Zombie-bucket guards
fetchChanInfo now returns the new ErrChannelPendingCleanup sentinel
when a channel bucket exists but lacks its info key (Phase 2 in
progress). The three open-channel scan paths (fetchNodeChannels,
FetchPermAndTempPeers, channelScanner) each skip such buckets
rather than surface an error to callers.

Commits

  1. channeldb: introduce ChannelCloser interface for two-phase cleanup
  2. channeldb: split CloseChannel into two phases to reduce DB lock pressure
  3. server: resume pending channel data purges at startup
  4. channeldb: add tests for two-phase close and pending cleanup

Test plan

  • go test ./channeldb/... -run TestCloseChannel — three new unit tests covering Phase 1 scan guards, Phase 2 batch deletion, and cleanup persistence across restart
  • go test ./channeldb/... -run TestChannelStateTransition — existing test updated to drive Phase 2 before asserting revlog deletion
  • make lint passes

Define a backend-agnostic interface for the channel close lifecycle.
The interface deliberately splits close into two phases to avoid
holding a single large write lock on SQLite/Postgres KV-over-SQL
backends, where bulk cascade-deletes inside one transaction can stall
all other writers for seconds:

  - CloseChannel (Phase 1): fast, atomic — writes the close summary,
    archives channel state, updates the outpoint index, deletes the
    small per-channel keys, and registers a cleanup task.

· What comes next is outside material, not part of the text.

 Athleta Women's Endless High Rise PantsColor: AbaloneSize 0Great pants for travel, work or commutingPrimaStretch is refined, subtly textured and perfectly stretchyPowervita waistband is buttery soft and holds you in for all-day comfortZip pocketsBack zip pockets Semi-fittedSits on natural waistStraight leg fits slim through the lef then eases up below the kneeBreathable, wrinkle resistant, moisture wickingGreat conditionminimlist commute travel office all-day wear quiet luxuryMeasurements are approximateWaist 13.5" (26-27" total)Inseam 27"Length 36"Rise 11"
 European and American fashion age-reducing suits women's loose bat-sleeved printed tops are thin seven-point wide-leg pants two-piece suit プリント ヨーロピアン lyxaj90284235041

  - PurgeClosedChannelData (Phase 2): heavy, incremental — deletes
    revocation log entries and forwarding packages in small batches,
    each batch in its own short transaction, so other writers can
    interleave between batches.

  - FetchChannelsPendingCleanup: startup hook — returns channels that
    completed Phase 1 but not Phase 2, allowing the node to resume
    interrupted purges after a crash or restart.

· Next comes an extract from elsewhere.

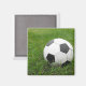 Photo d'un ballon de football en cuir noir et blanc dans un champ d'herbe verte fraîche. Idéal pour les amateurs de football ou les amateurs d'équipe d'enfants de sport. Tous les Designs Copyright © 2012 www.CuteComfy.com
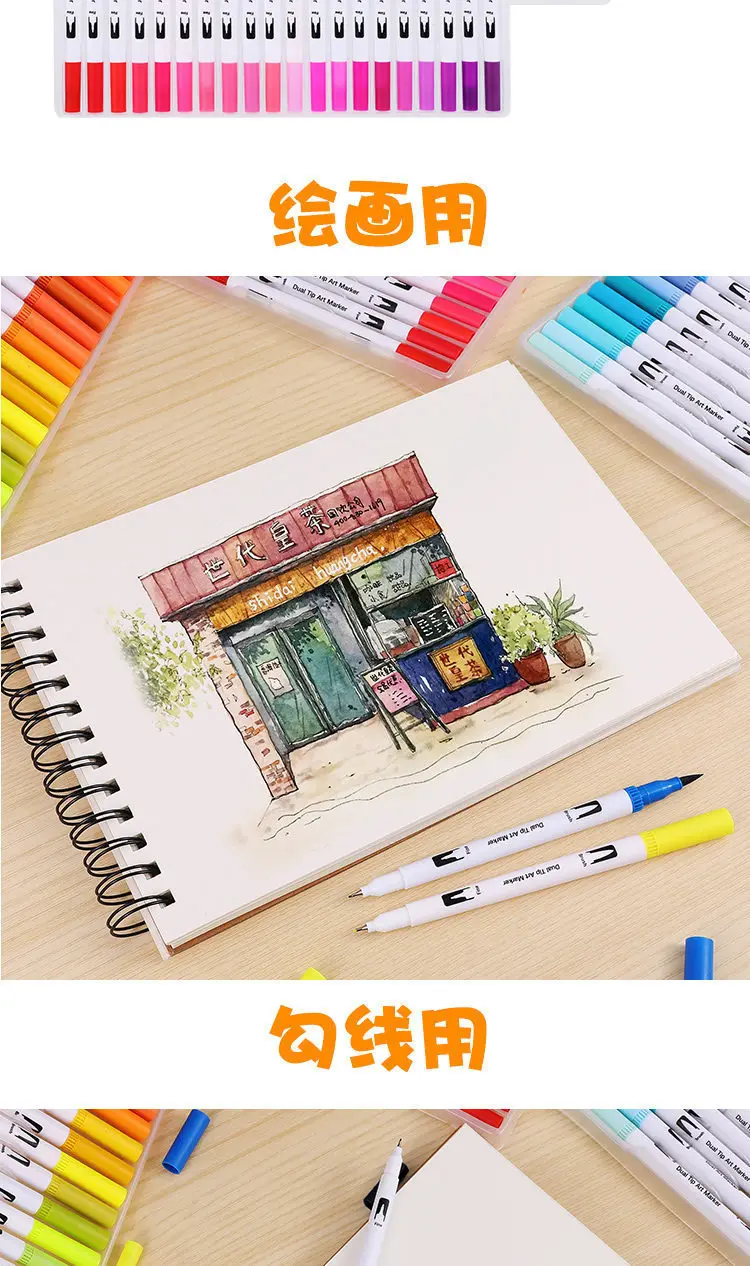 Двойная головка Акварельная Кисть ручка Мягкая головка скетч Маркер 12 24 36 каллиграфия красками мультяшный лайнер красивая ручка Набор для рисования

The current KV implementation on *ChannelStateDB will satisfy this
interface; a future native-SQL backend can provide its own concrete
type without changing any caller.
Phase 1 (CloseChannel) atomically moves the channel out of all
open-channel views and records a sentinel key in the channel bucket so
scan helpers can distinguish an intentional zombie from data corruption.
A lightweight entry is written to pendingChanCleanupBucket so the node
can resume Phase 2 after a restart.

Phase 2 (PurgeClosedChannelData) deletes revocation-log entries and
forwarding packages in small batches (DefaultPurgeBatchSize = 500) to
avoid holding a long write-lock on the KV-over-SQL backend, then
removes the channel bucket and deregisters the cleanup task.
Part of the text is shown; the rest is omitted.